`describe` does not handle mixed case or dots in column names #16017

johnkerl · 2025-05-10T14:51:32Z

Describe the bug

Doing describe on a table with any upper-case or dot characters in column names results in

Error: Execution("Schema error: No field named ...")

To Reproduce

./Cargo.toml

[package]
name = "describe-with-case"
version = "0.1.0"
edition = "2024"

[dependencies]
"datafusion" = "47"
tokio = { version = "1.45", features = ["rt", "rt-multi-thread", "macros"] }

src/main.rs

use std::env;
use datafusion::error::Result;
use datafusion::execution::context::SessionContext;
use datafusion::prelude::CsvReadOptions;

#[tokio::main]
async fn main() -> Result<()> {
    let args: Vec<String> = env::args().collect();
    let ctx = SessionContext::new();
    for arg in args.iter().skip(1) {
        println!("");
        println!("Filename: {arg}");

        let df = ctx.read_csv(arg, CsvReadOptions::new()).await?;
        let stat = df.describe().await?.collect().await?;
        println!("{stat:?}");
    }

    Ok(())
}

./desc-good.csv

abc,def,ghi
1,2,3
4,5,6
7,8,9

./desc-bad.csv

abc,Def,gh.i
1,2,3
4,5,6
7,8,9

Expected behavior

With column names abc,def,ghi we see

cargo run ./desc-good.csv

Filename ./desc-good.csv
[RecordBatch { schema: Schema { fields: [Field { name: "describe", data_type: Utf8, nullable: false, dict_id: 0, dict_is_ordered: false, metadata: {} }, Field { name: "abc", data_type: Float64, nullable: true, dict_id: 0, dict_is_ordered: false, metadata: {} }, Field { name: "def", data_type: Float64, nullable: true, dict_id: 0, dict_is_ordered: false, metadata: {} }, Field { name: "ghi", data_type: Float64, nullable: true, dict_id: 0, dict_is_ordered: false, metadata: {} }], metadata: {} }, columns: [StringArray
[
  "count",
  "null_count",
  "mean",
  "std",
  "min",
  "max",
  "median",
], PrimitiveArray<Float64>
[
  3.0,
  0.0,
  4.0,
  3.0,
  1.0,
  7.0,
  4.0,
], PrimitiveArray<Float64>
[
  3.0,
  0.0,
  5.0,
  3.0,
  2.0,
  8.0,
  5.0,
], PrimitiveArray<Float64>
[
  3.0,
  0.0,
  6.0,
  3.0,
  3.0,
  9.0,
  6.0,
]], row_count: 7 }]

With column names abc,Def,gh.i I would expect similar.

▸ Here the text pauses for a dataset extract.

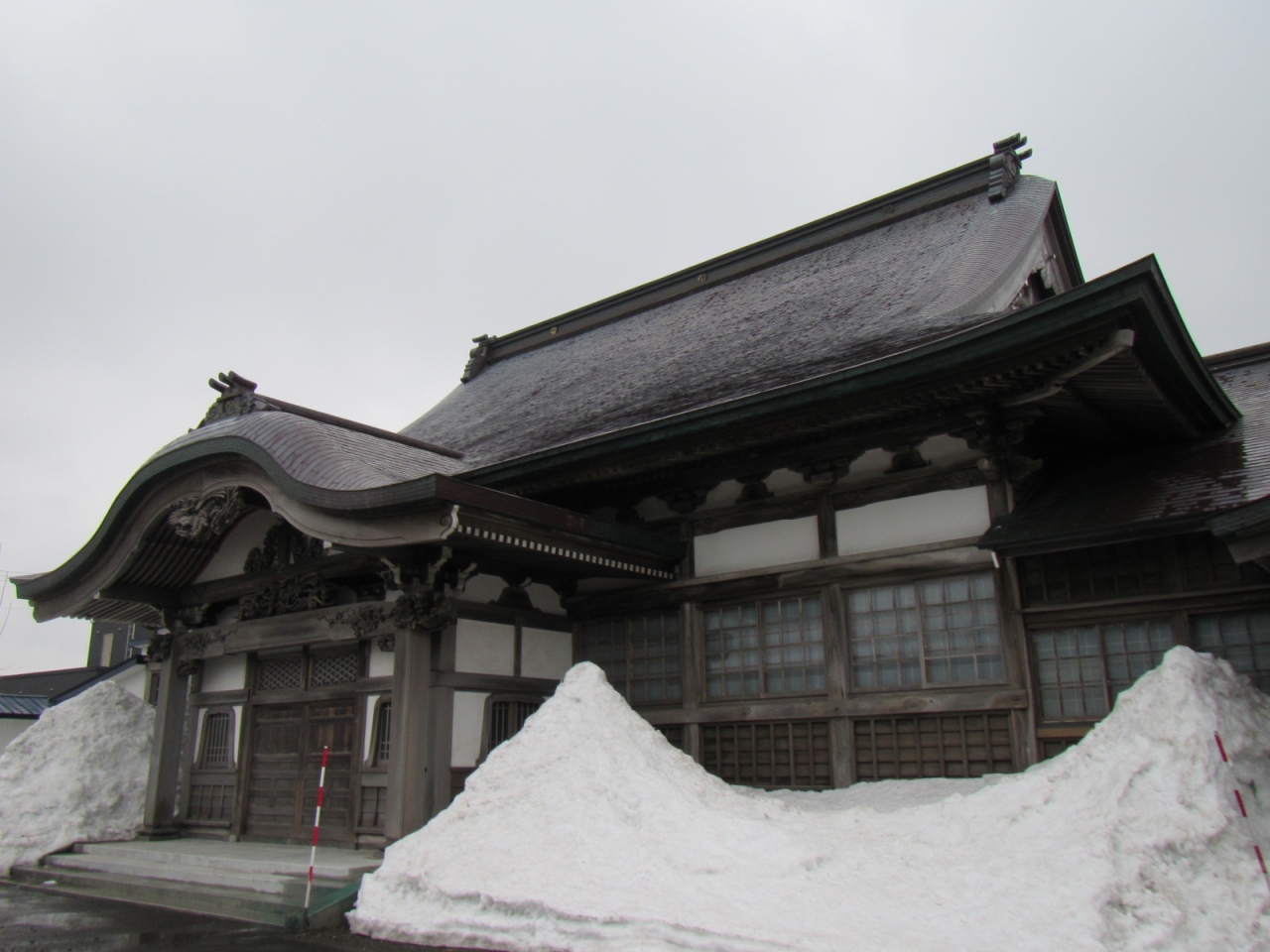 お寺は、沖見町という住所からも、留萌の海側の高台にあるのですが、留萌開発建設部など、周辺に建物があって、境内からはもう少しで海が見えそうで見えないところが残念です。

But I actually see:

cargo run ./desc-bad.csv

Filename ./desc-bad.csv
Error: Execution("Schema error: No field named def. Valid fields are \"?table?\".abc, \"?table?\".\"Def\", \"?table?\".\"gh.i\".")

Additional context

No response

The text was updated successfully, but these errors were encountered:

jfahne · 2025-05-14T11:55:49Z

take

jfahne · 2025-05-16T14:57:16Z

Just an update. I was able to reproduce the error with the following goofy test added to the dataframe tests

#[tokio::test]
async fn bad_describe_behavior() -> Result<()> {
    let config = SessionConfig::from_string_hash_map(&HashMap::from([(
        "datafusion.sql_parser.enable_ident_normalization".to_owned(),
        "true".to_owned(),
    )]))?;
    let ctx = SessionContext::new_with_config(config);
    let name = "aggregate_test_100";
    register_aggregate_csv(&ctx, name).await?;
    let df = ctx.table(name);

    let df = df
        .await?
        .filter(col("c2").eq(lit(3)).and(col("c1").eq(lit("a"))))?
        .limit(0, Some(1))?
        .sort(vec![
            // make the test deterministic
            col("c1").sort(true, true),
            col("c2").sort(true, true),
            col("c3").sort(true, true),
        ])?
        .select_columns(&["c1"])?;

    let df_renamed = df.clone().with_column_renamed("c1", "CoLu.Mn1")?;

    let res = &df_renamed.clone().collect().await?;

    println!("{:?}", df_renamed.describe().await.unwrap());

    Ok(())
}

I get a similar error to the one you shared @johnkerl :

thread 'dataframe::bad_describe_behavior' panicked at datafusion/core/tests/dataframe/mod.rs:1883:50:
called `Result::unwrap()` on an `Err` value: Execution("Schema error: No field named colu.mn1. Valid fields are aggregate_test_100.\"CoLu.Mn1\".")
note: run with `RUST_BACKTRACE=1` environment variable to display a backtrace
test dataframe::bad_describe_behavior ... FAILED

failures:

failures:
    dataframe::bad_describe_behavior

test result: FAILED. 0 passed; 1 failed; 0 ignored; 0 measured; 606 filtered out; finished in 0.10s

One of my initial thoughts for where this error would be coming from is an unexpected behavior of the identifier normalization which is enabled by default. This seems to be the right thread to pull at as disabling datafusion.sql_parser.enable_ident_normalization and running the same test leads to an identical error.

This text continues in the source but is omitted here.